In the data below, one line contains "- فراخوان پذیرش" and a later one contains "Inma Cuesta con". Print both, with every line between them, exactly and alone.

**RECORDED INFORMATION**
▼

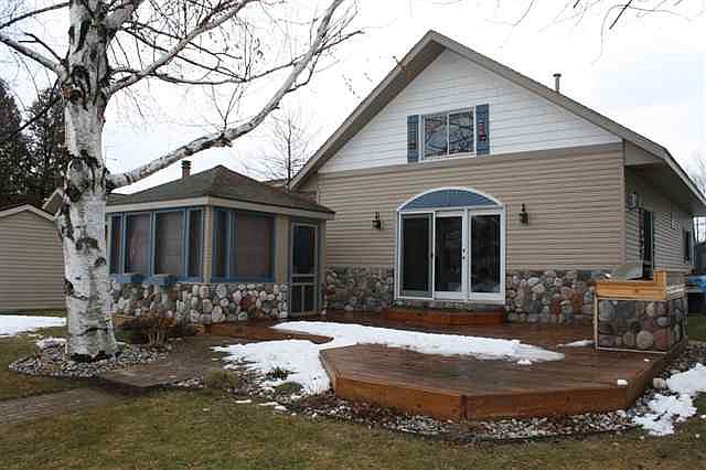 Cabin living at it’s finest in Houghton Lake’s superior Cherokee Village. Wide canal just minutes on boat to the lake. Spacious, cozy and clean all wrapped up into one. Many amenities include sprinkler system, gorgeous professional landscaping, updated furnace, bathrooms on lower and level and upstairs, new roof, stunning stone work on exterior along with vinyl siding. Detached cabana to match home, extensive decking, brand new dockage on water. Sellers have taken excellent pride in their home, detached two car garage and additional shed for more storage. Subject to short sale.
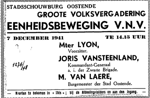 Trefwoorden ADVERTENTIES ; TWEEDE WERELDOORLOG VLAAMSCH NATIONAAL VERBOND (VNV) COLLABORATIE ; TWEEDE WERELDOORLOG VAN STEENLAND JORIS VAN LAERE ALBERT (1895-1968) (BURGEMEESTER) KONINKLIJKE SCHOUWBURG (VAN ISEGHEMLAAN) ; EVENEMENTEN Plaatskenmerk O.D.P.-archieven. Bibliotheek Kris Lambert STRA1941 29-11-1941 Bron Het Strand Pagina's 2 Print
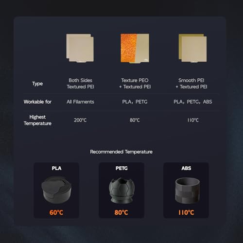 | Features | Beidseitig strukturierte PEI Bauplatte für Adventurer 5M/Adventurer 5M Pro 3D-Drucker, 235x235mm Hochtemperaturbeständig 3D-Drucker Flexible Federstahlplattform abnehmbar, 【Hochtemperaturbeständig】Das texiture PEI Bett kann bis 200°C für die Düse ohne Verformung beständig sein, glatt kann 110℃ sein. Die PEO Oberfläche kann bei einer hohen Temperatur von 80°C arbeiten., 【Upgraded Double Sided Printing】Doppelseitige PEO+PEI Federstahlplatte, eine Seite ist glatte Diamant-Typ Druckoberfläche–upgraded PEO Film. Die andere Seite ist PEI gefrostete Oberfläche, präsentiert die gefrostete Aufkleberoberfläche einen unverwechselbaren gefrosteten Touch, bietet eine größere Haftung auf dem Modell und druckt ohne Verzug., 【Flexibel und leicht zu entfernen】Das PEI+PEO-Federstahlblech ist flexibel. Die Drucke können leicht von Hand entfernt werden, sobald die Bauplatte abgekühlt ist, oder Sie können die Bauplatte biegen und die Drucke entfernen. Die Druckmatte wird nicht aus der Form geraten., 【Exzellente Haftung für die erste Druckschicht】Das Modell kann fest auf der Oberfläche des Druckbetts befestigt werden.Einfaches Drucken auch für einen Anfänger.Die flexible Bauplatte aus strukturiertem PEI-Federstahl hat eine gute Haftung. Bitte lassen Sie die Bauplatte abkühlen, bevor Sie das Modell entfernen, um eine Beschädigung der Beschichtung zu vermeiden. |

▲
▼

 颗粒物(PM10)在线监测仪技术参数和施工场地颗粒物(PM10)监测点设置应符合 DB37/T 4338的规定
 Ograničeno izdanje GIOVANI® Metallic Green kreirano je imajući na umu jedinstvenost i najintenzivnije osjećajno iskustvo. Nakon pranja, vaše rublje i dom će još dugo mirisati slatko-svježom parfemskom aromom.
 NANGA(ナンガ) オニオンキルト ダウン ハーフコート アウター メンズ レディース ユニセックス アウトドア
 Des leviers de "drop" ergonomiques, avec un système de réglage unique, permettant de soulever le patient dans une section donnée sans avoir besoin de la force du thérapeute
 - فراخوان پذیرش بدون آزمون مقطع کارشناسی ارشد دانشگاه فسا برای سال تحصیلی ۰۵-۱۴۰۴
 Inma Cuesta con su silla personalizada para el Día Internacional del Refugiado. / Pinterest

▲
▼

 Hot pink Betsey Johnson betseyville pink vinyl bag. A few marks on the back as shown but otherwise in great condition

▲

**TASK OUTPUT**
 - فراخوان پذیرش بدون آزمون مقطع کارشناسی ارشد دانشگاه فسا برای سال تحصیلی ۰۵-۱۴۰۴
 Inma Cuesta con su silla personalizada para el Día Internacional del Refugiado. / Pinterest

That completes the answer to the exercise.